►

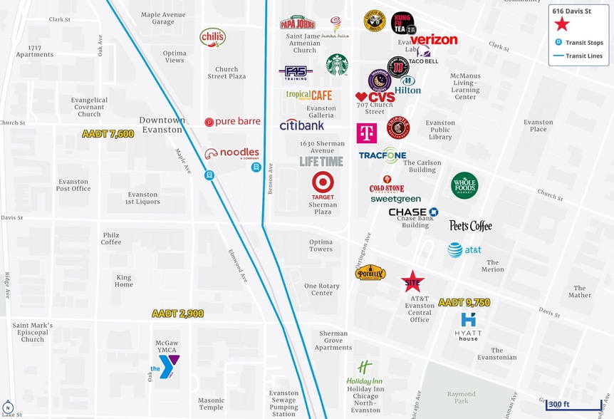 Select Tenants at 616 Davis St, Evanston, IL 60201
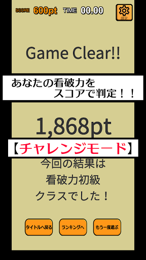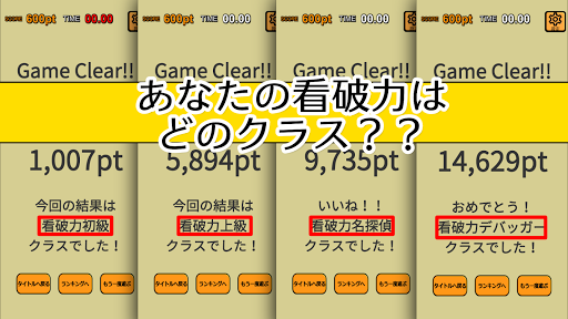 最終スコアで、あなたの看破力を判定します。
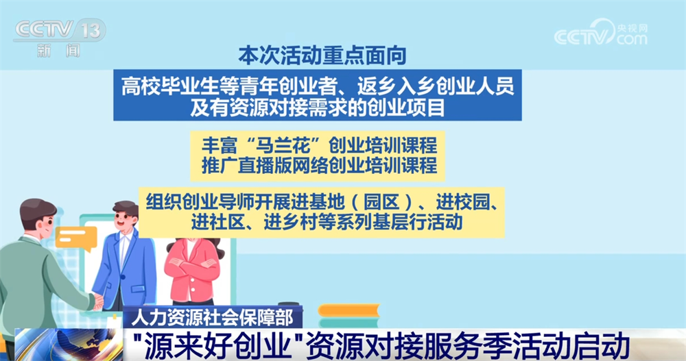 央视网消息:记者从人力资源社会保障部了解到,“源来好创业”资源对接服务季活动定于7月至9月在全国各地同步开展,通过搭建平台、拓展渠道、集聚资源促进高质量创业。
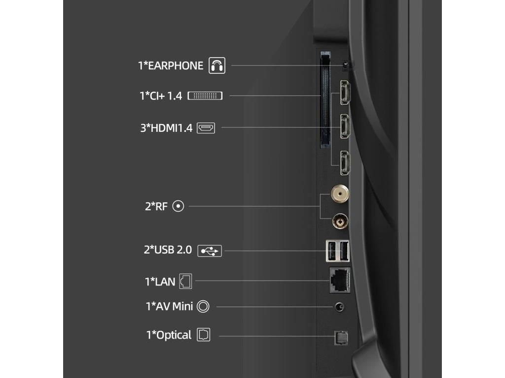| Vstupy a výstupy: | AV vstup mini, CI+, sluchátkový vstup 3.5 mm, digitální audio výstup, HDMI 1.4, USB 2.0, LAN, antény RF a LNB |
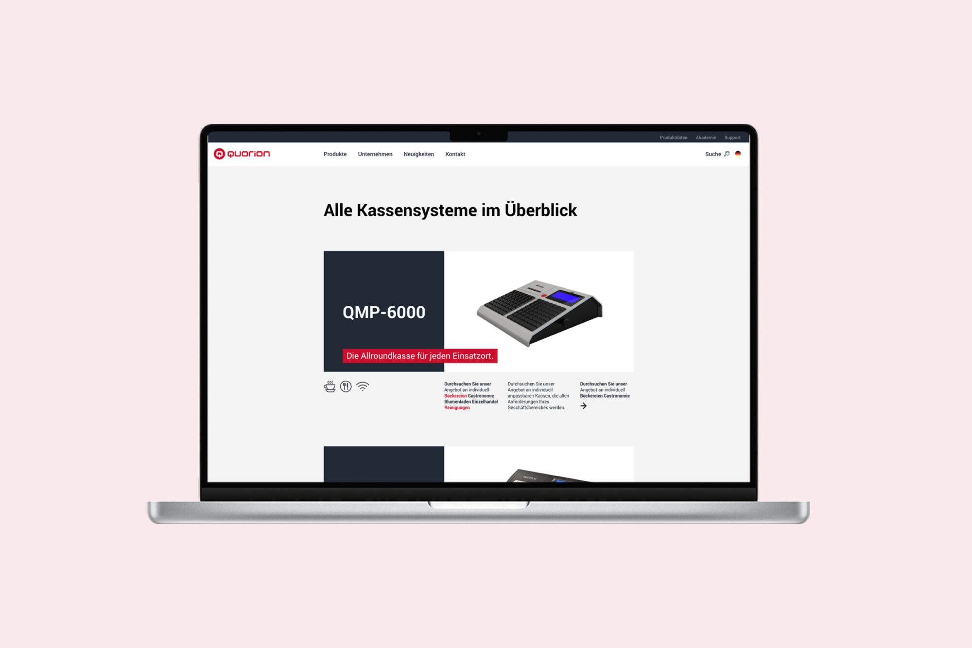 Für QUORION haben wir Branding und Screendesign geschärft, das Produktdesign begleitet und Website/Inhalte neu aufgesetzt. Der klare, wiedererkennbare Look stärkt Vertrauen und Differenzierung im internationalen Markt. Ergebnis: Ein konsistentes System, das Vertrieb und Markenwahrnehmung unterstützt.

◄
►

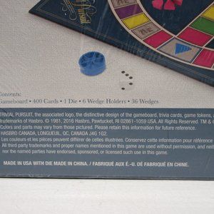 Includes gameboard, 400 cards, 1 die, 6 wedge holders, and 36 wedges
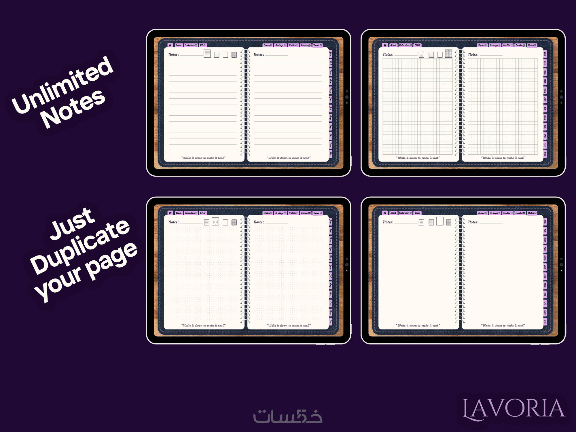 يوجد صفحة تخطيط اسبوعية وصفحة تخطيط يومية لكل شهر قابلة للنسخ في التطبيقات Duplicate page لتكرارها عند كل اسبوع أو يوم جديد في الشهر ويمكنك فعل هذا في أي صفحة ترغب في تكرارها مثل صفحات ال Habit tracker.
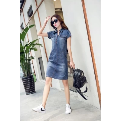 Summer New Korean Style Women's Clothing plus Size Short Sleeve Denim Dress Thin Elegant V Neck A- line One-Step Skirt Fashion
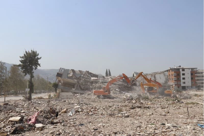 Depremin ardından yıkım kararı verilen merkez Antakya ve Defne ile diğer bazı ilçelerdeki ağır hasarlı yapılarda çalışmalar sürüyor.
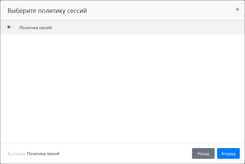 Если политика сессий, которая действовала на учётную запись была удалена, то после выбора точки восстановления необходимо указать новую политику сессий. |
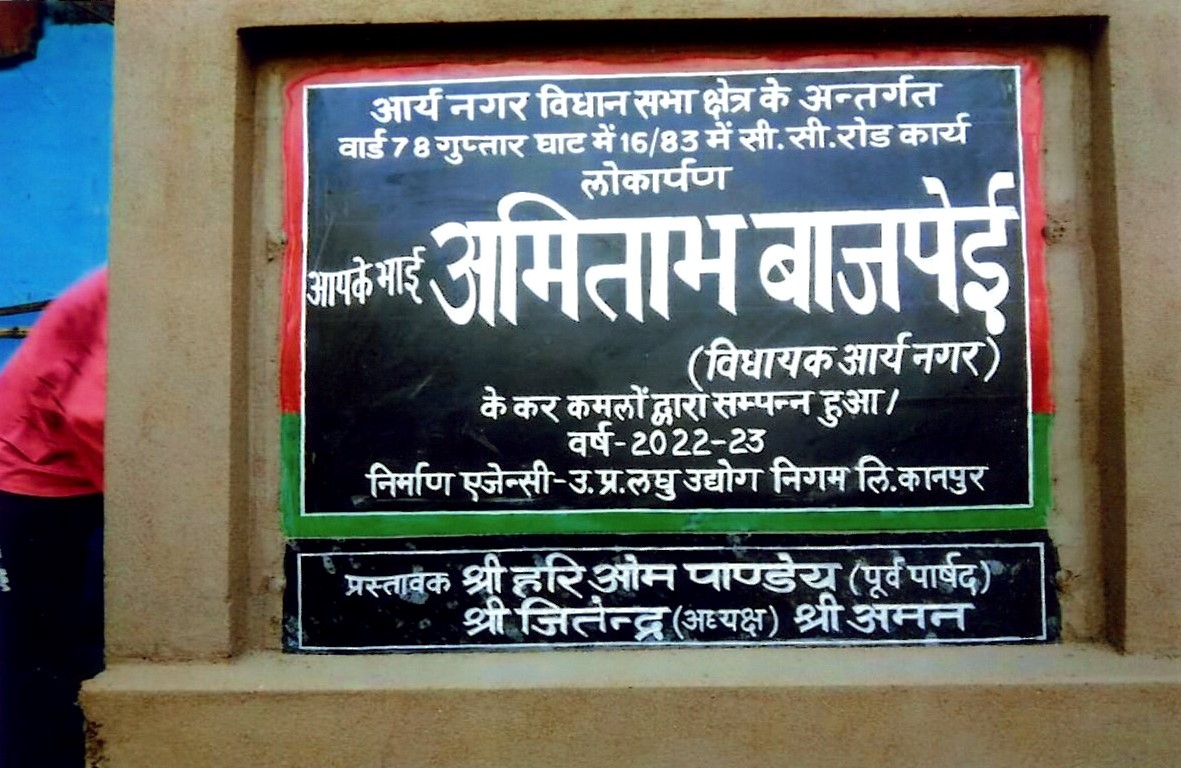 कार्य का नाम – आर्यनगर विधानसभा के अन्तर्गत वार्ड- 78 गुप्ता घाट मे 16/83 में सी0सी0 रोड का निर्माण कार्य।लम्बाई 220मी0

◄

Your assignment:
Repeat exactly the stretch of the listing above that starts with the line holding "Includes gameboard, 400" and finishes with the line holding "कार्य का नाम", both included. Skip every picture.

Solution for this task:
 Includes gameboard, 400 cards, 1 die, 6 wedge holders, and 36 wedges
 يوجد صفحة تخطيط اسبوعية وصفحة تخطيط يومية لكل شهر قابلة للنسخ في التطبيقات Duplicate page لتكرارها عند كل اسبوع أو يوم جديد في الشهر ويمكنك فعل هذا في أي صفحة ترغب في تكرارها مثل صفحات ال Habit tracker.
 Summer New Korean Style Women's Clothing plus Size Short Sleeve Denim Dress Thin Elegant V Neck A- line One-Step Skirt Fashion
 Depremin ardından yıkım kararı verilen merkez Antakya ve Defne ile diğer bazı ilçelerdeki ağır hasarlı yapılarda çalışmalar sürüyor.
 Если политика сессий, которая действовала на учётную запись была удалена, то после выбора точки восстановления необходимо указать новую политику сессий. |
 कार्य का नाम – आर्यनगर विधानसभा के अन्तर्गत वार्ड- 78 गुप्ता घाट मे 16/83 में सी0सी0 रोड का निर्माण कार्य।लम्बाई 220मी0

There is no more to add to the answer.